For every Saturday class a student attends, the school receives $15.88 from the state, said Tom Payne, assistant principal in charge of student activities and attendance.

The amount of state money a school district receives is based on the schools' average daily attendance, or ADA.

In the 1988-89 school year, $22 million of the Arcadia Unified School District's $28-million budget will come from ADA, said C. Earl Davis, assistant superintendent in charge of business services.

During the first two months of the 1987-88 school year alone, truancy cost the high school $50,000 in state money, said Davis. During the same two-month period this school year, the loss was $30,000.

Last year's figure includes money lost due to unexcused absences in the days after the Oct. 1, 1987, earthquake, Davis said.

School on Saturday programs have been adopted elsewhere, including Alta Loma High School, the El Rancho Unified School District and the Whittier Union High School District.

Tougher Policy

Arcadia instituted the program this school year as part of an effort to toughen its truancy policy and recoup state subsidies for attendance.

"Absenteeism was increasing; truancy was increasing," Payne said. "We could see a trend."

The program, started in October, is reserved for students who have missed at least a full day of school.

In theory, they must attend one Saturday school class for every day of school they missed, but Payne said no student has been asked to attend more than four consecutive Saturday sessions. Some truants have ditched a week or more of school, he said, and there are not enough Saturday sessions in the school year for all of them to catch up.

Saturday school classes are not held on holiday weekends or on days when college entrance examinations are scheduled.

The program, Payne added, isn't intended to "do the student in."

'Apache Lotto'

In addition to Saturday school, Arcadia High has started an "Apache Lotto" game in which students selected at random each week can win $5 or more if they did not miss class the two previous days.

If the winners did miss class, the money is rolled over to the following week's drawing, said Payne. So far, the largest jackpot was $15.

Money for the game comes from the student government.

In the past, truants were sent to Saturday Work Detail, where they joined students sent there for breaking school rules such as smoking or fighting. Students on work detail must do chores such as picking up trash on campus.

The number of students required to report for work detail hit a high of 120 on some Saturdays, said Payne. The school, which has 2,000 students, did not recover any state money by sending truants to work detail.
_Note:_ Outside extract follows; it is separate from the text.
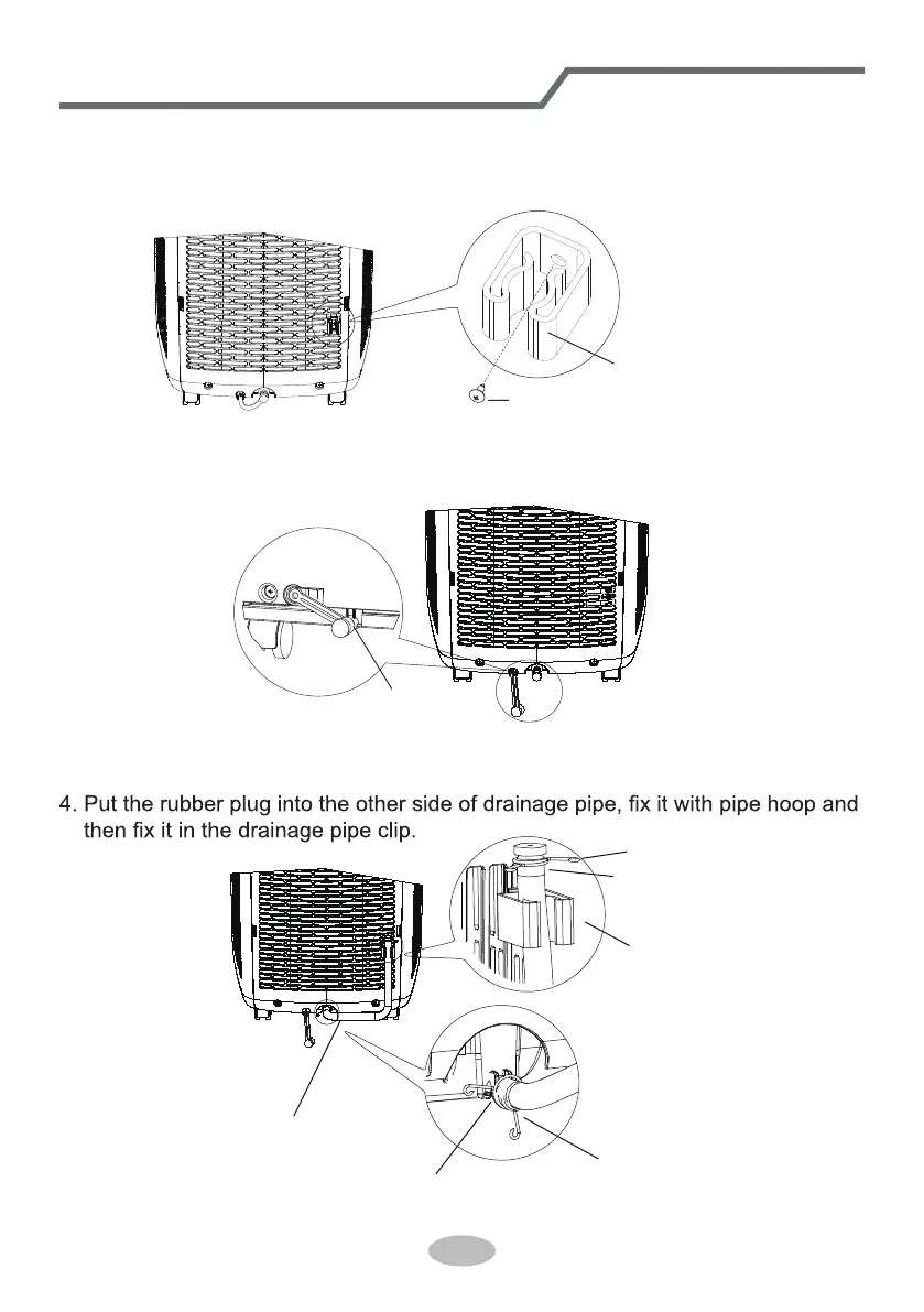 3. Put the drainage pipe into drainage port and screw it up, and then bind it with

One recent Saturday, seven students dragged themselves out of bed early to attend the 8 a.m.-to-noon School on Saturday classes. Those who ditch Saturday school face suspension, said Payne.

"Somewhere down the road, they can be transferred to an alternative school," said Payne. "It's not in their best interest to be suspended."

The night before, a school employee telephoned each student's home to leave a message about the consequences of failing to attend.

For Mike Messina, 15, getting that call ended his technique of hanging up on the computerized telephone calls the school makes to possible truants. The calls, featuring Payne's voice, are made between 5:30 p.m. and 9:30 p.m. after a student has missed three or more classes.

The computer makes 275 to 300 calls a day, Payne said. If anyone answers the phone, the computer registers "message received."

"I intercepted all the calls from the school," said Messina, a sophomore who recently ditched a week and a half of school. "I had it planned so perfect."

But the system caught up with him when the school employee made a live call.

At Saturday school a few weeks ago, Messina and six fellow truants, including Mitchell, sat quietly reading or doing homework. An adult proctor made sure they stayed. If students run out of homework, proctors give them work sheets covering subjects such as math or history.

"We haven't had to use (the work sheets) yet," said Michael Simuniello, a fourth-grade teacher who works as a proctor.

At the first Saturday school class Simuniello supervised, he found one of his former fourth-grade students on the roll.